She advises potential matchmakers to learn each person’s priorities in a possible mate.
Ask about expectations for appearance, age, education and social and economical status, and try not to stray far from those expectations, she said. These conversations can save heartache in the long run.
Also, think about whether the person is rigid or flexible. Easygoing? Traditional? Sociable, or a loner? OK with a casual drink at a bar, or expecting a five-course meal?
Common interests are important, but not critical.
“Just because two people like skiing, they may not like each other,” Genn said. Ask about morals and ethics, family, religion and traditions.
Most of all, the matchmaker must be honest with everyone, she warned.
“Trickery, even with good intent, will get you nowhere, fast,” she said.
Victoria Piatigorsky, who works in the skin-care business in Los Angeles, suggested a blind date between a client, physician Rebecca Urwitz-Lane, and Hank Nelken, a screenwriter with whom Piatigorsky had been set up but didn’t feel a connection.
“He told me he didn’t want to date anyone in the entertainment business, and she said she didn’t want to go out with doctors,” Piatigorsky said.
The Nelkens, her only successful match of about two dozen attempted, married last September in Santa Barbara.
Piatigorsky thinks the key to matchmaking is numbers.
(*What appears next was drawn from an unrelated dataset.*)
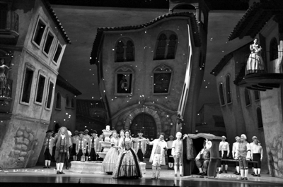 在上周六晚的演出中,廖昌永(右一)饰演的费加罗表现出色。实习生 栗世民 摄
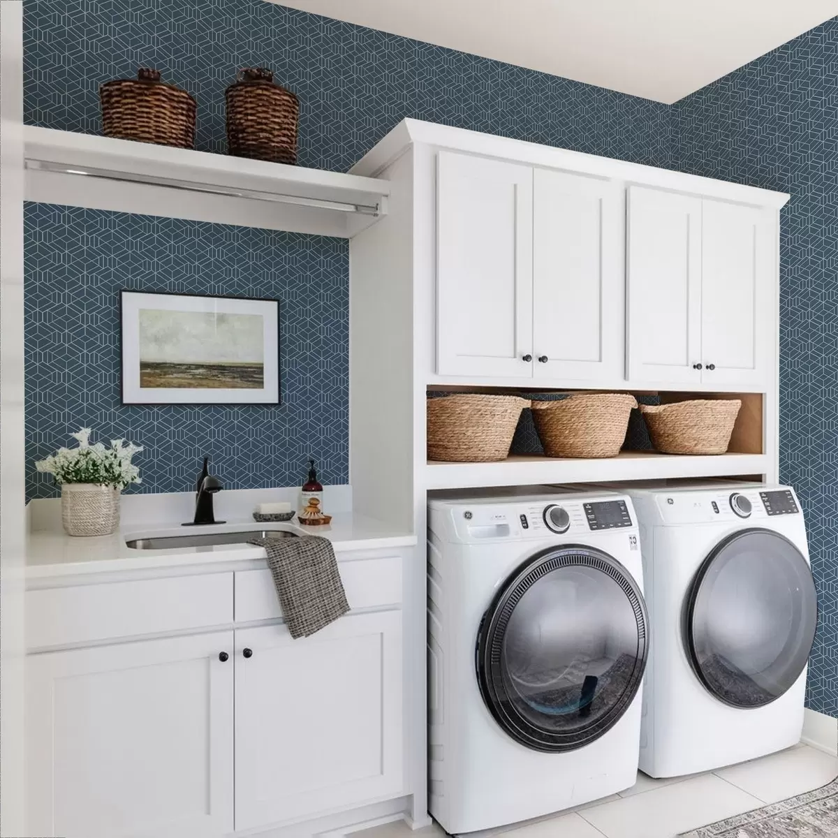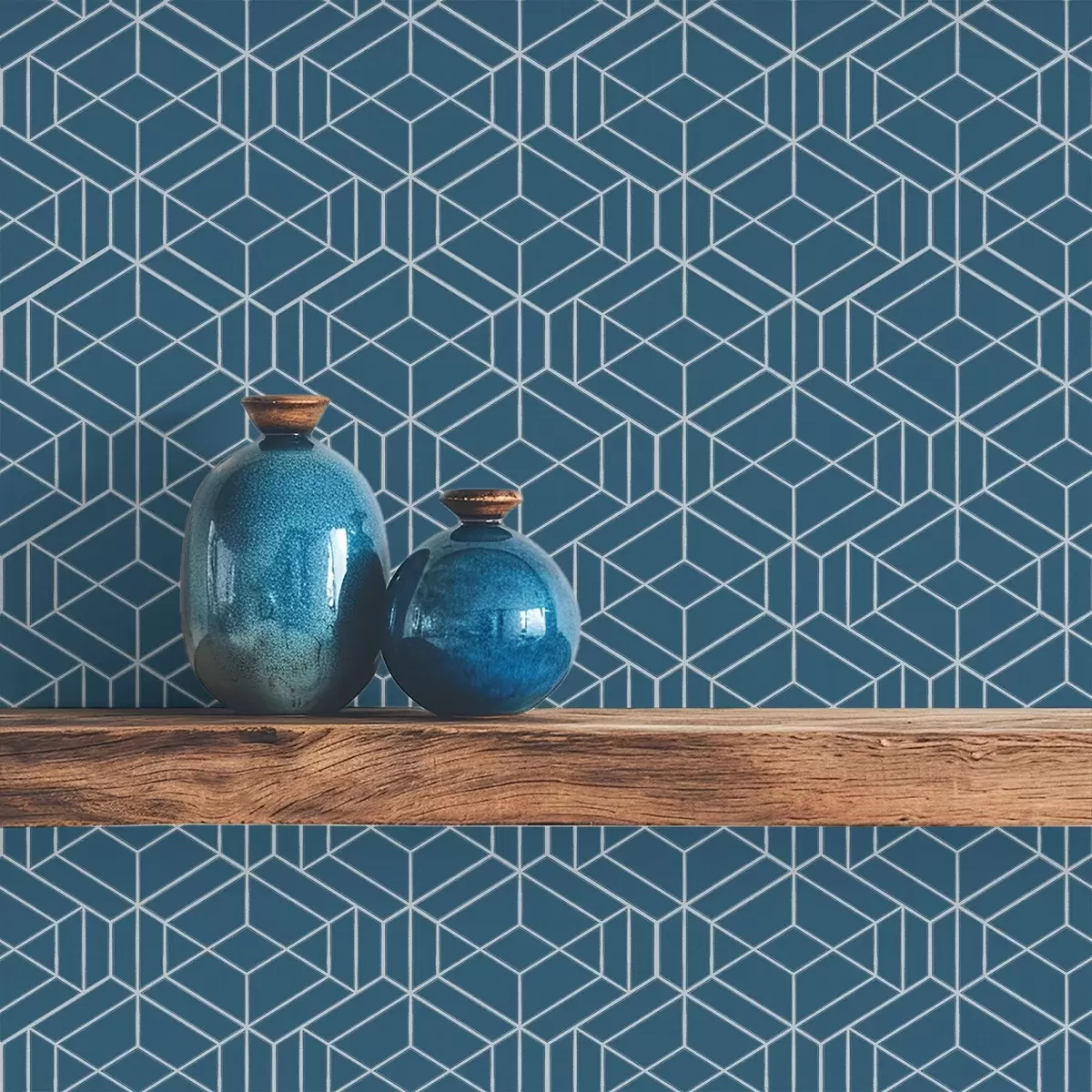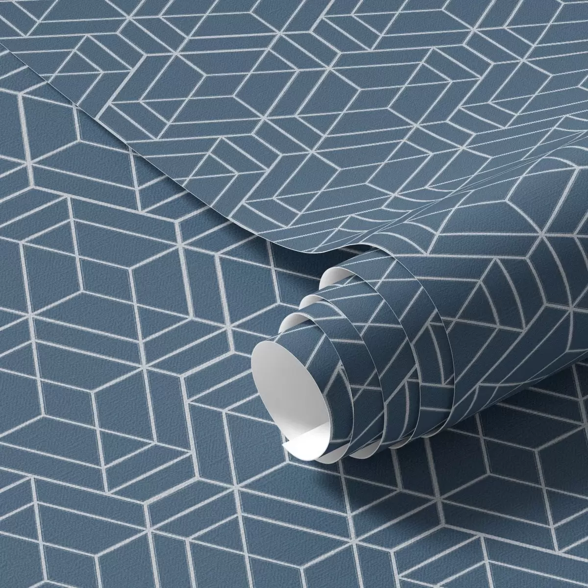 Tapete Blauer Hintergrund mit weißen linearen Würfeln in einem Raster Nr. a01067v1

She went on probably 200 blind dates in a year, and found one long-term match.
“You want to fix people up that you think would like the same things, have the same interests,” she said, adding that they should also have the same level of physical attractiveness.
Mark Kupferberg, who successfully fixed up his cousin with his wife’s law school roommate (my husband’s sister), said timing is also important. Matches work best when both people are ready to meet the right person.
“They have to be in a stage in their lives where they can be flexible,” he said. “The people who have the checklist and make sure everyone meets every item on the checklist is a recipe for going nowhere.”
Matchmaking is one of 613 good deeds referred to in Jewish teaching, said Judy Friedman, whose introduction of my parents in Chicago led to their wedding in 1962. She later became a professional matchmaker, responsible for 200 marriages over 23 years.
“It is very common in the Jewish community to introduce people to each other for the purpose of marriage because doing so is considered a mitzvah, or good deed,” she said.
My husband’s parents met through common friends in Brooklyn, and three of their four children met their spouses on blind dates. My husband’s cousin, Marc Spilker, also met his wife, Diane, through a friend.
“I’d been on a million blind dates,” Diane Spilker said. “I hated blind dates because they were setups by my parents’ friends, and you usually didn’t have anything in common with that person. I think it’s better if your friends do it because they know you a little bit better.”
Looking for love?
Successful amateur matchmakers say the marriage-minded can help improve their own chances of success by following a few basic rules:
•Be willing to go on lots of blind dates.
•Don’t be shy about networking.
•Get rid of that checklist.
•Be receptive to setups from unexpected places.
•Don’t blame the matchmaker if the date doesn’t work out.